I've been shooting with a Rebel XTi for few years, and have always wondered what the upgrade would be.  Lately, it's been hard to ignore the limitations of the XTi, particularly at night.  It was great as a starter DSLR, but I'm ready to move on to something more challenging.  

So, 7D or 5D mark II?  The price for a body is so close between the two that I'm tempted to got with the 5D, but I don't want to make an impulse buy.  What are some pros/cons?

What I'm currently doing: portraits, landscapes, long-exposure (night and day).

Any pointers would be great.  Thanks


----------



## rexbobcat (Apr 15, 2012)

For the subjects you listed, get the 5D. Better low light performance, more resolution, full frame.

The 7D is more of a sports camera with high FPS and faster autofocus.


----------



## hw13 (Apr 16, 2012)

I'm in the same boat.  Its hard to choose. 

I found this link pretty informative.
Canon EOS 7D vs. 5D MarkII : Who should buy the 7D? » Light And Matter


----------



## hukim0531 (Apr 16, 2012)

rexbobcat said:


> For the subjects you listed, get the 5D. Better low light performance, more resolution, full frame.
> 
> The 7D is more of a sports camera with high FPS and faster autofocus.


+1


----------



## Dao (Apr 16, 2012)

I had the same debate few weeks ago.  At the end, I choose the 7D.  

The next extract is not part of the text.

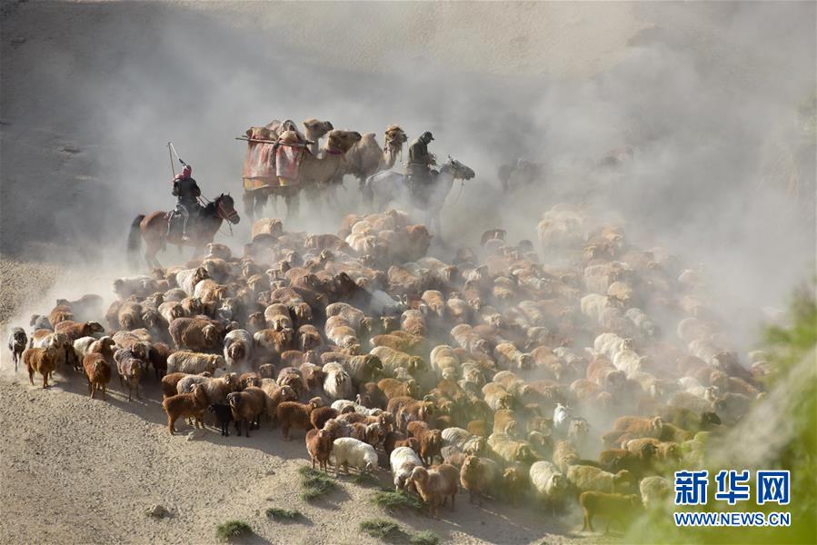 族牧民整理好行裹,抱著孩子,趕著牛羊,浩浩蕩蕩向秋牧場遷徙。
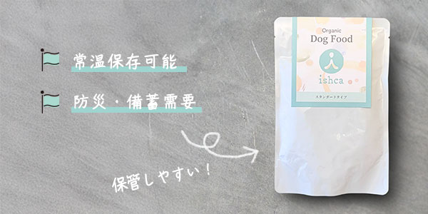 常温保存ができて便利なレトルトパウチのウェットドッグフードです。長期保存できるので、万が一の備えにもぴったりです。

If I jump from 40D to 5D. I gain 
- Better ISO performance.
- More background blur (due to closer to the subject with same framing without cropping in post).
- More resolution.
- FoV of my 50mm, 85mm is going to be wider



If I jump from 40D to 7D. I gain 
- Better ISO performance (but not as good as 5DII)
- Better autofocus system.
- More resolution (not as high as 5DII)
- Faster frame rate.


For the stuff that I shoot, landscape, macro, nature and family stuff.  In that case, I think 7D is better fit for me.  If I shoot a lot of portrait stuff, I  will go with 5D. (5Dc or 5DII)  Of course 5DIII is perfect, but it cost too much for me.


----------